Let us consider the weaker condition that for each $ X \in \mathcal{C}$, there
exists \emph{a} map $A \to X$.

\begin{definition} Suppose $\mathcal{C}$ has equalizers.
If $A \in \mathcal{C}$ is such that $\hom_{\mathcal{C}}(A, X) \neq \emptyset$
for each $X \in \mathcal{C}$, then $X$ is called \textbf{weakly initial.}
\end{definition}

We now want to get an initial object from a weakly initial object.
To do this, note first that if $A$ is weakly initial and $B$ is any object
with a morphism $B \to A$, then $B$ is weakly initial too.

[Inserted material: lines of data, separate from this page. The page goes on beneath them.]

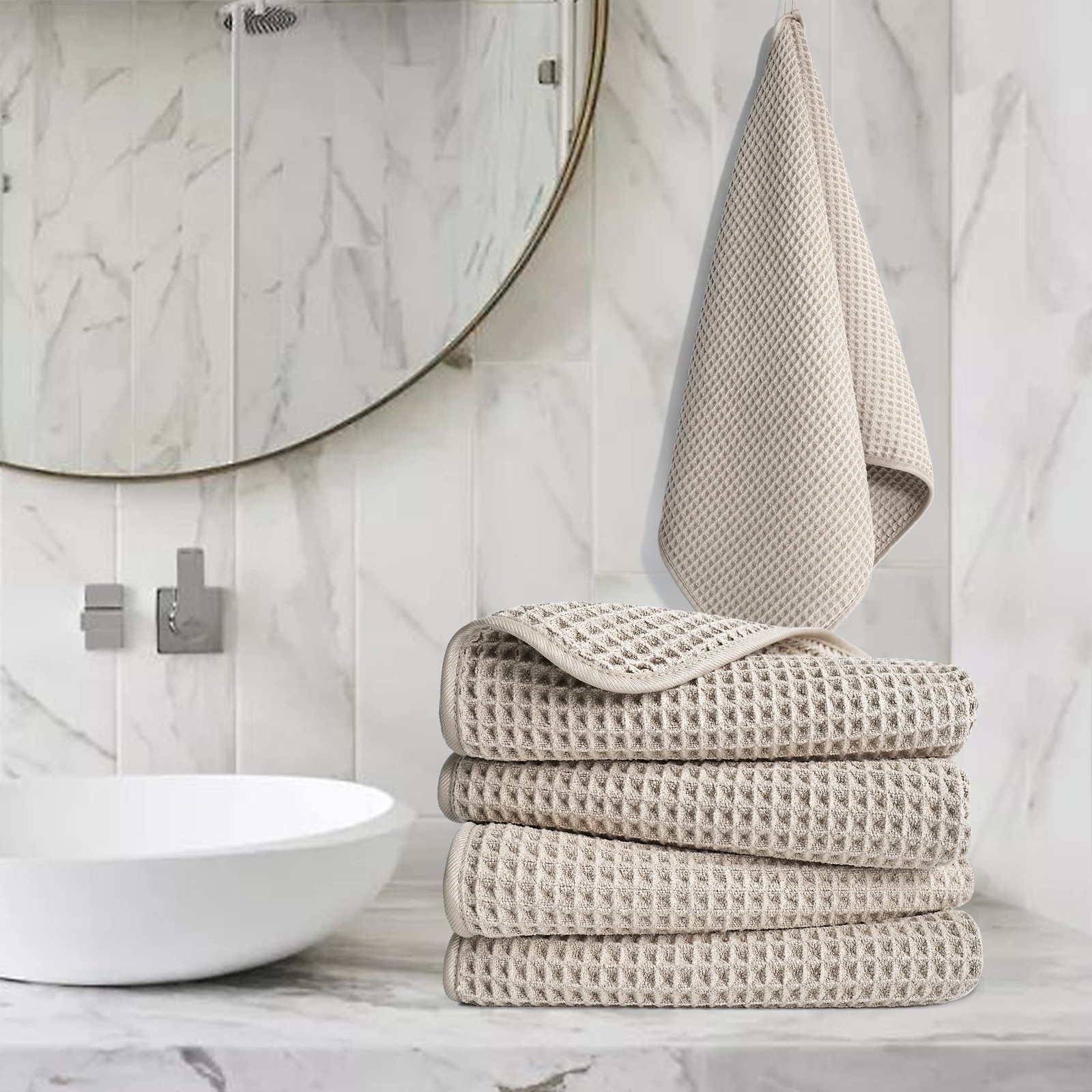 If we may, would you care for some helpful hand towels? We created them just for you, so you can experience a SUPER SOFT feeling on the skin without the heft and bulk. They are infused with SUPER ABSORBENT properties to effectively and thoroughly dry your hands and face. Towels, themselves, DRY QUICKLY to RESIST ODORS. Allow us to share how to EASILY CARE for these helpful towels. Recommend washing separately to prevent collecting lint or debris from other garments and textiles. Please hand or machine wash in warm water with like colors and air dry or dry on the low setting. Recommend using wool dryer balls to reduce any static when drying. We ask you not use fabric softener, bleach, dryer sheets or the towels may become less helpful. Please do not wash with items that have hardware that can catch and pull the threads. Key Product Features Size Large: 16 inches by 30 inches or 40.64 cm by 76.2 cm Weave: waffle Edges/Trim: polyester with rounded corners Includes: 4 towels Experience the soft feeling of premium microfiber hand towels against your skin without the heft and bulk; simply pat dry Microfiber thoroughly dries faster and gentler than traditional fibers; waffle weave feels smoother on your skin and is less likely to collect lint or debris Towels will quickly dry when hanging to help prevent the formation of odors; folds into a compact size to be used in the bathroom, on travel, at the pool, camping, gym or anywhere else Large 16 in. x 30 in. surface area for maximum drying of your hands, face, and large enough for some to dry hair with a stylish trim and loop for easy hanging Our Deluxe Weight > 429 gsm; top layer of fibers has slightly loose construct; necessary characteristic for much higher weight/gsm waffle weave microfiber; please do not wash with items that have hardware that can catch and pull the threads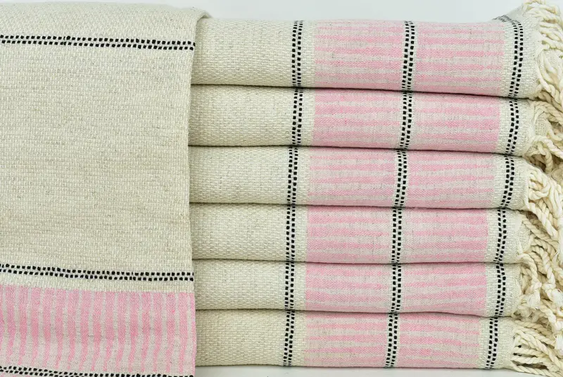 Turkish cotton is the primary fiber, renowned for its water absorbency and quick-drying properties. Characterized by hand-weaving on traditional looms, tolerances in size range up to 2.5 cm, ensuring each product maintains its unique charm and quality. Weighing approximately 340 grams, these towels provide optimal weight for various uses, with a standard size of 40x71 inches, or 100x180 cm.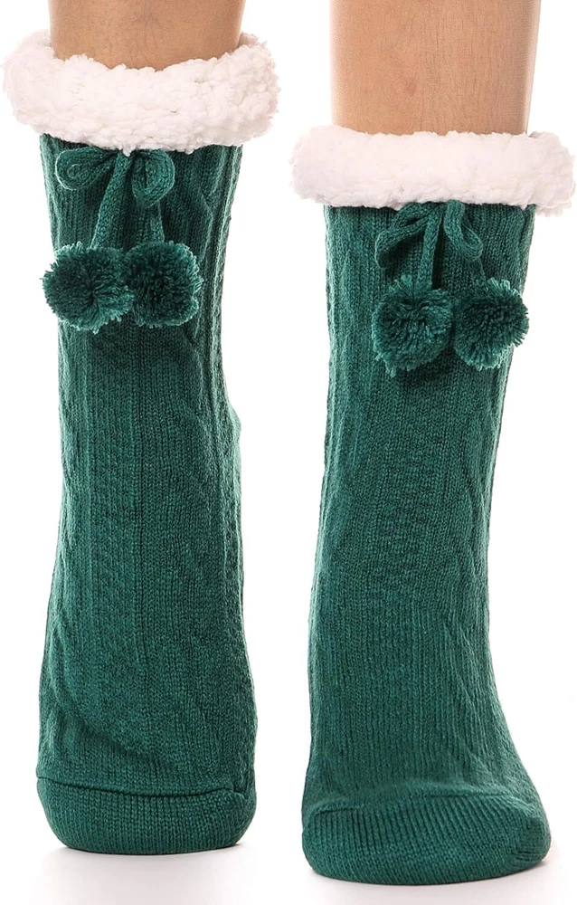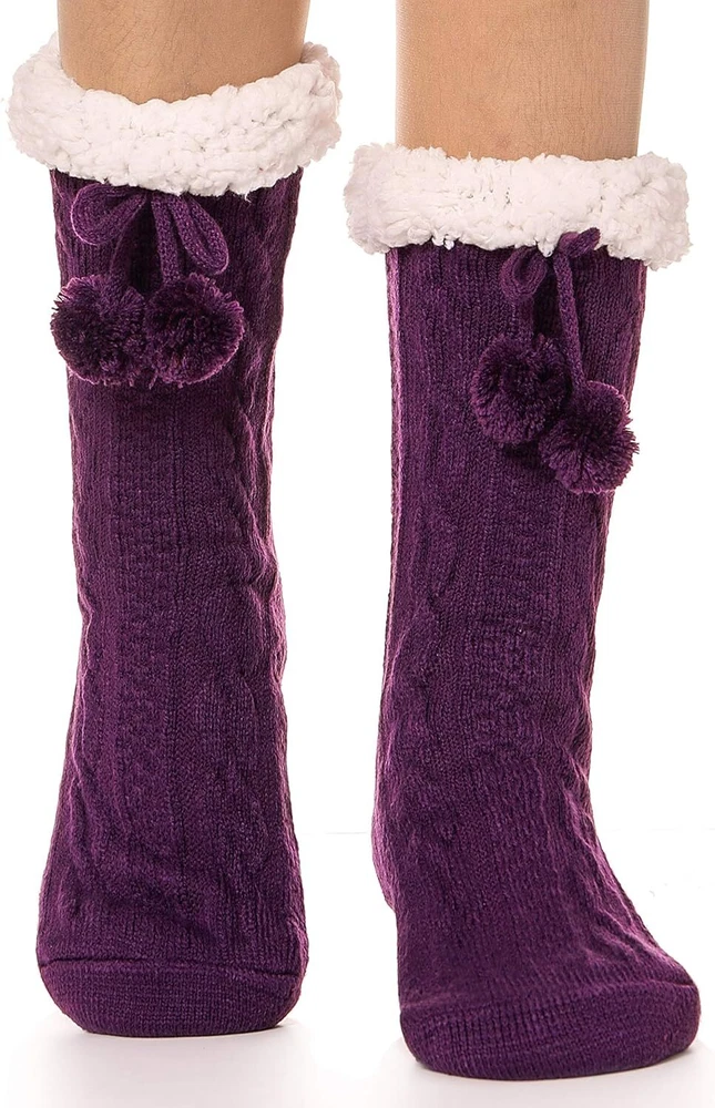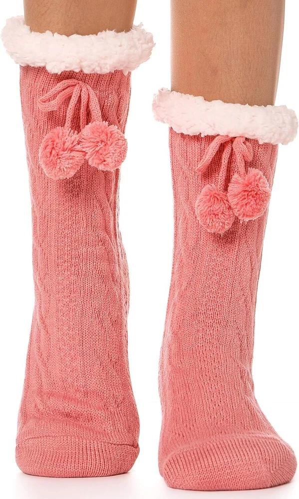 Fuzzy Slipper Socks - Warm Cozy Winter Socks with Grips for Women

So we are going to
take
our initial object to be a very small subobject of $A$.
It is going to be so small as to guarantee the uniqueness condition of an
initial object. To make it small, we equalize all endomorphisms.

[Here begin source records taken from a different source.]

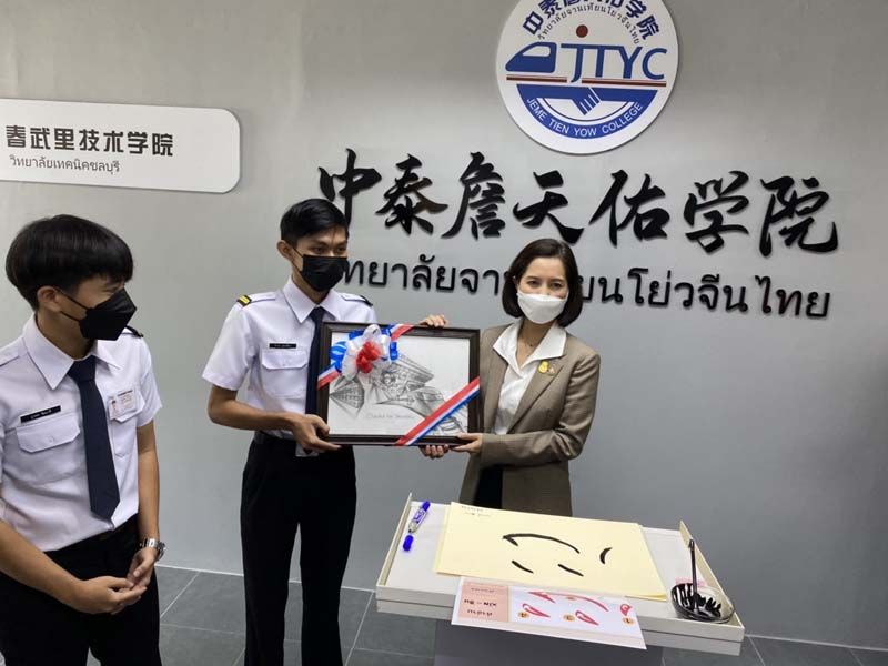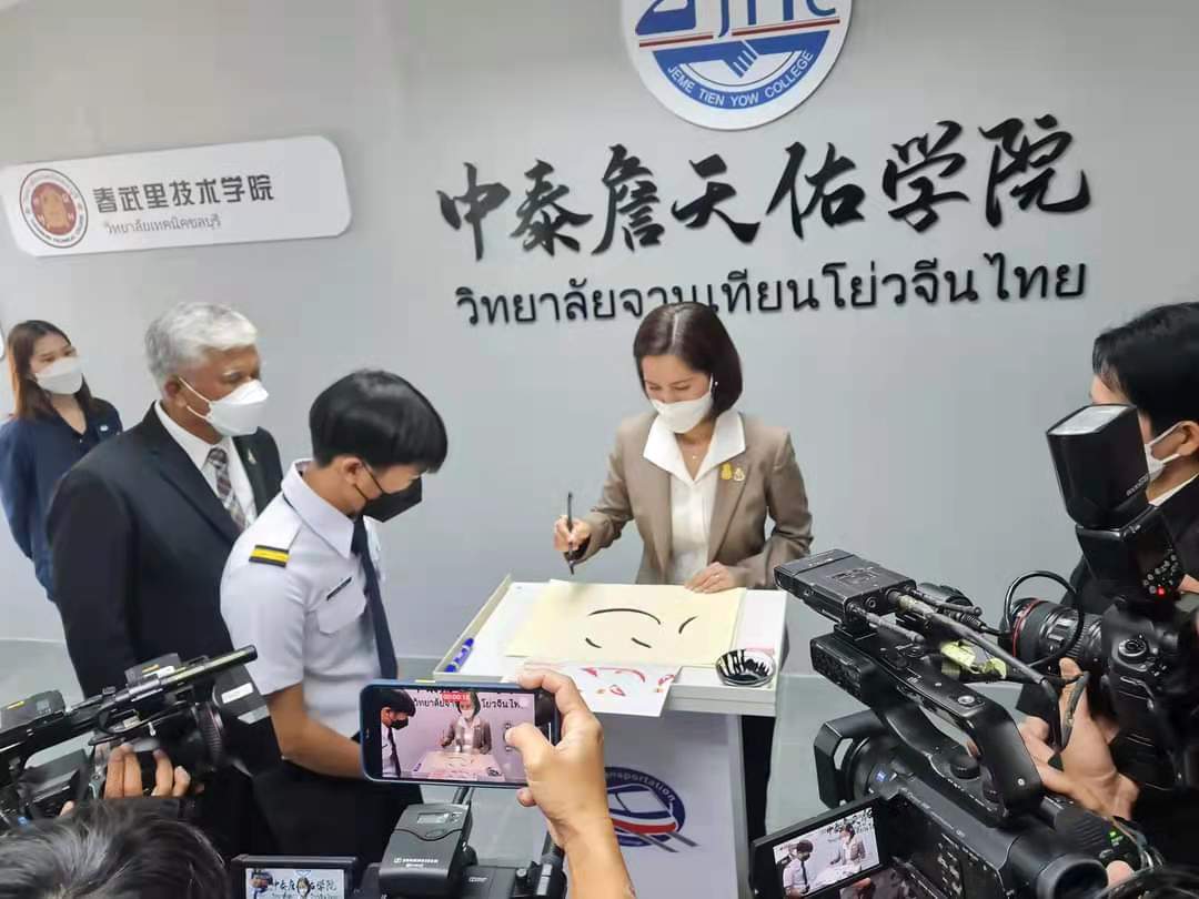 当地时间11月24日上午,泰国教育部部长德莉努·天通(Treinuch Thienthong)在泰国春武里技术学院出席职业人力网络管理中心揭牌仪式期间,专程到访吉铁院海外分校“中泰詹天佑学院”参观交流并题字。泰国职业教育委员会秘书长素贴·康桑提亚、春武里省省长Phakhathorn Thienchai及春武里技术学院等25个职业院校校长陪同参观。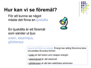 #8 Ljusstrålar som har skickats ut från en ljuskälla går rakt fram tills det att de träffar ett föremål- Då kan de antingen reflekteras mot del, eller gå igenom föremålet. När du ser något betyder det att ljuset har reflekterats och sedan nått ditt öga.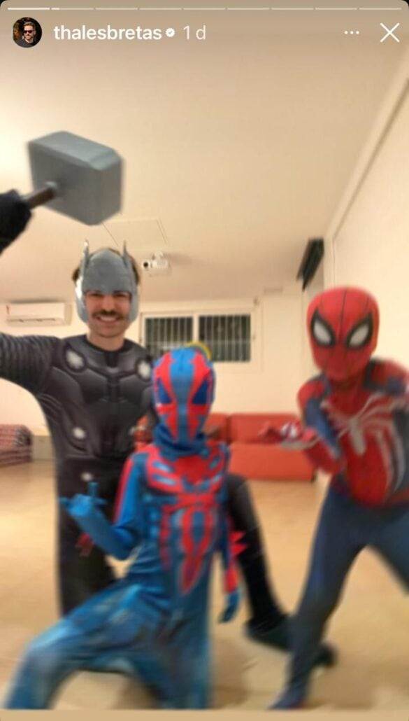 Desde o adeus ao marido, o médico seguiu cuidando dos filhos com o apoio de alguns familiares. Em suas redes sociais, ele mostrou um divertido momento com os pequenos que parecem não terem gostado de sair do clima do carnaval. Entrando na onda da folia, o papai posou junto com eles fantasiado! Cada um escolheu seu herói predileto para a fantasia.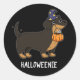 Halloweenie Funny Sausage Dog Pun Dark BG Classic Round Sticker

\begin{proposition} \label{weakinitial}
If  $A$ is a weakly initial object in $\mathcal{C}$,
then the equalizer of all endomorphisms $A \to A$ is initial for $\mathcal{C}$.
\end{proposition}
\begin{proof}
Let $A'$ be this equalizer; it is endowed with a morphism $A'\to A$. Then let
us recall what this means. For any two
endomorphisms $A \rightrightarrows A$, the two pull-backs $A'
\rightrightarrows A$ are equal. Moreover, if $B \to A$ is a morphism that has
this property, then $B$ factors uniquely through $A'$.

Now $A' \to A$ is a morphism, so by the remarks above, $A'$ is weakly initial:
to each $X \in \mathcal{C}$, there exists a morphism $A' \to X$.
However, we need to show that it is unique.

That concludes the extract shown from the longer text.